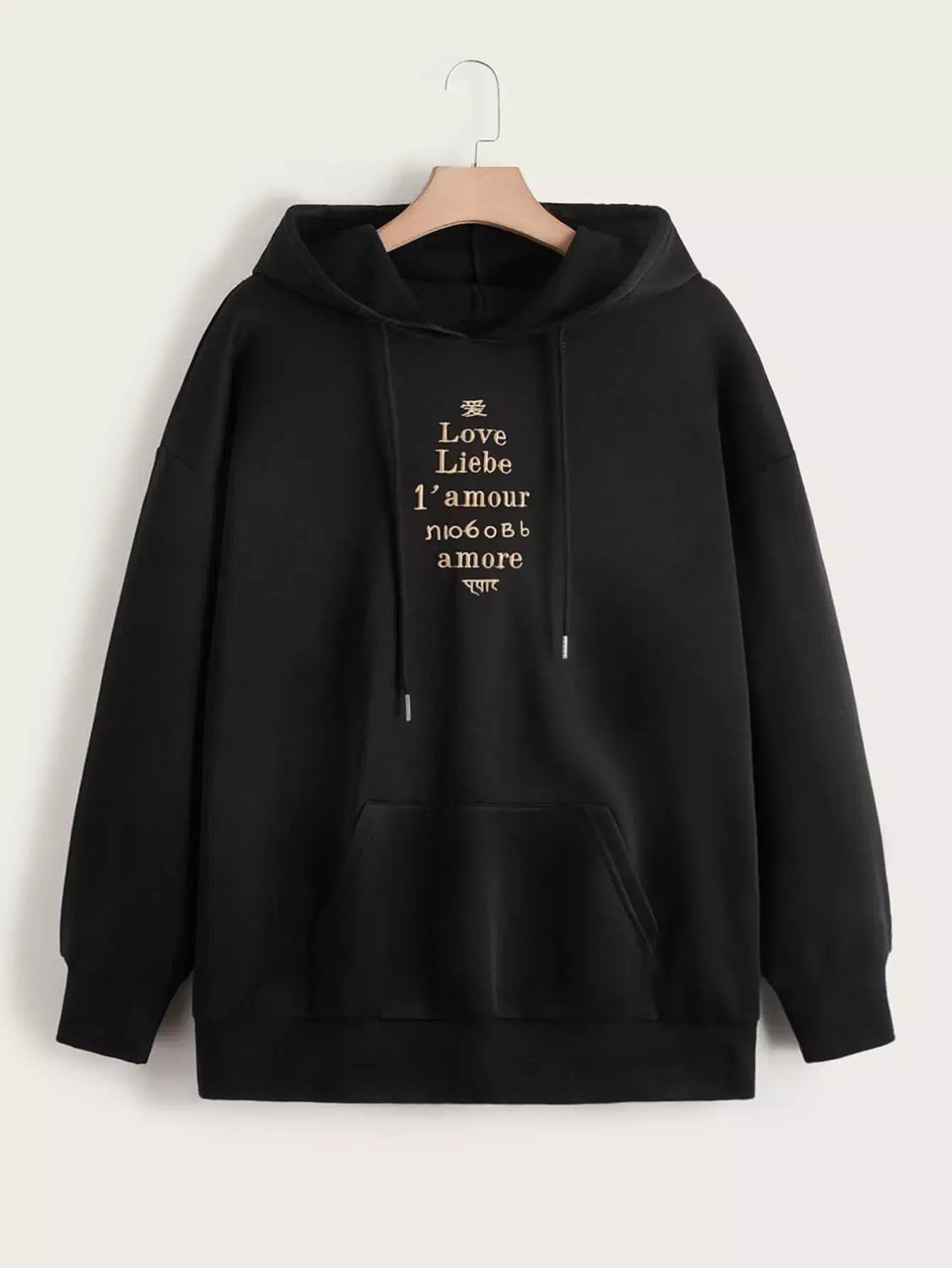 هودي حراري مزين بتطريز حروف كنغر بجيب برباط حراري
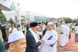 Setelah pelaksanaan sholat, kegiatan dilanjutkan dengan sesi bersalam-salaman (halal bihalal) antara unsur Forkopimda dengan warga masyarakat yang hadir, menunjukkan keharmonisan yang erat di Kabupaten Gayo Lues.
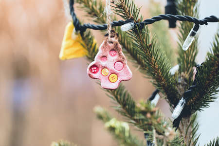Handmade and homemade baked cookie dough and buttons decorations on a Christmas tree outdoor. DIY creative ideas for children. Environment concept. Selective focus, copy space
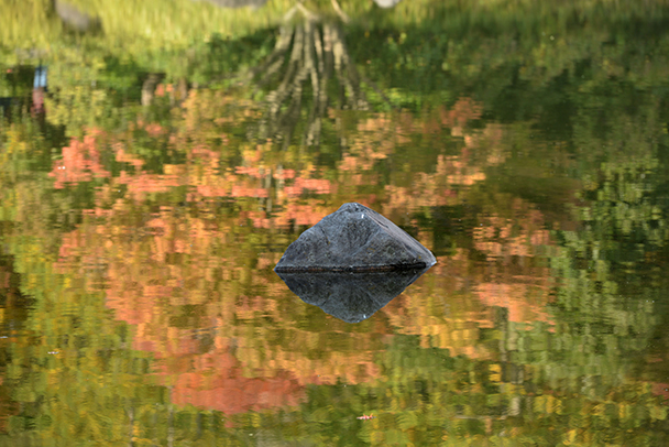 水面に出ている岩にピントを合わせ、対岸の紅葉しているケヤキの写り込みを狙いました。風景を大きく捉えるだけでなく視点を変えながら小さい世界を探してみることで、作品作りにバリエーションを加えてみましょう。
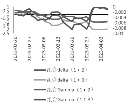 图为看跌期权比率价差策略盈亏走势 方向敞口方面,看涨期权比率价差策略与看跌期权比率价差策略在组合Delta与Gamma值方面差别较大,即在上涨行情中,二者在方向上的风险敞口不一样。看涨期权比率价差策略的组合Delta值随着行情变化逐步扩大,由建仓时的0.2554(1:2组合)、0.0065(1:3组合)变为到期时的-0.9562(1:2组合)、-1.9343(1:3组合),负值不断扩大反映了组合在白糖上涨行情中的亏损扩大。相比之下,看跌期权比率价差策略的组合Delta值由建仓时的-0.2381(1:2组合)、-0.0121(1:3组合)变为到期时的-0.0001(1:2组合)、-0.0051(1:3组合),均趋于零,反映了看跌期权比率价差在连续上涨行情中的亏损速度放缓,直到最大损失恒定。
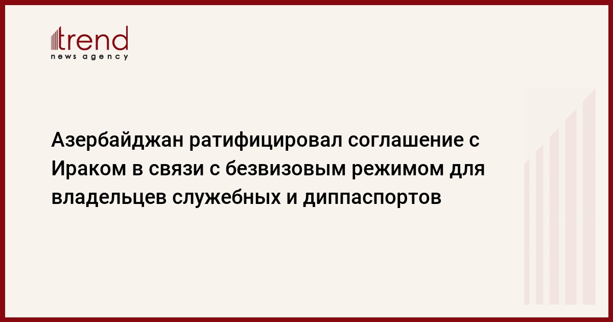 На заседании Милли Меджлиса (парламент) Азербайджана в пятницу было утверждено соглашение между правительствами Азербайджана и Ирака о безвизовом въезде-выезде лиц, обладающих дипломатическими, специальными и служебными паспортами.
...
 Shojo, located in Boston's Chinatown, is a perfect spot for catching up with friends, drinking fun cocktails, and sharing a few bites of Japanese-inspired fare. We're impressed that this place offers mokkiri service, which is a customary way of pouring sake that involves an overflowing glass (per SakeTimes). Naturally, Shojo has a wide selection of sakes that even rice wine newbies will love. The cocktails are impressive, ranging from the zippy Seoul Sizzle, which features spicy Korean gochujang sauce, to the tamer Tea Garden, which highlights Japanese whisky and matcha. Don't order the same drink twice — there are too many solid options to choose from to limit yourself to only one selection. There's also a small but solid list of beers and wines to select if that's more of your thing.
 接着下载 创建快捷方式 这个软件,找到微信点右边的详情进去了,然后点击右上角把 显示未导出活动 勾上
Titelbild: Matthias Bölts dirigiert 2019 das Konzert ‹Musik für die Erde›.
---
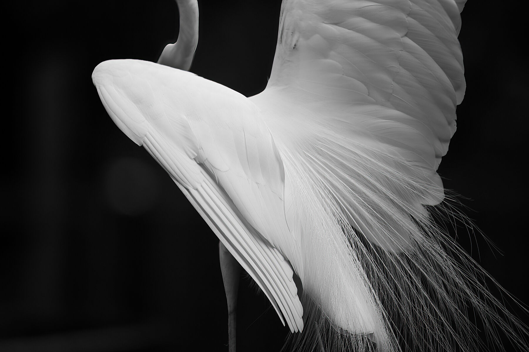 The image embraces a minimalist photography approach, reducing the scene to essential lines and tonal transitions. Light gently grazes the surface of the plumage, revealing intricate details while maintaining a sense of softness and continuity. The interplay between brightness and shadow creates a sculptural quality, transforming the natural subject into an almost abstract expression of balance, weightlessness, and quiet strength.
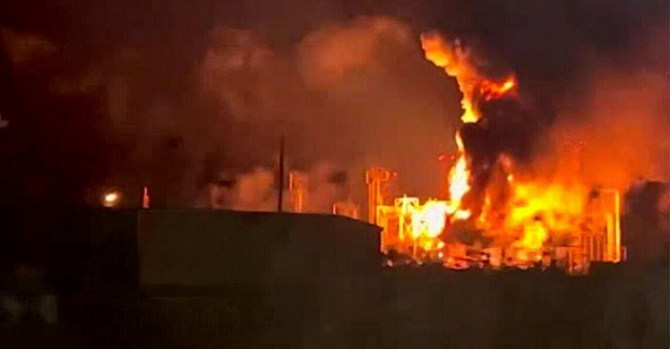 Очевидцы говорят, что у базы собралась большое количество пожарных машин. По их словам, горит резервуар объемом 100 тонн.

- _Problem details_:
For this task, write out exactly the lines of the entries above, starting at the line with "接着下载 创建快捷方式 这个软件,找到微信点右边的详情进去了,然后点击右上角把" and ending at the line with "Titelbild: Matthias Bölts", both included, and no others.

- _Worked solution_:
 接着下载 创建快捷方式 这个软件,找到微信点右边的详情进去了,然后点击右上角把 显示未导出活动 勾上
Titelbild: Matthias Bölts dirigiert 2019 das Konzert ‹Musik für die Erde›.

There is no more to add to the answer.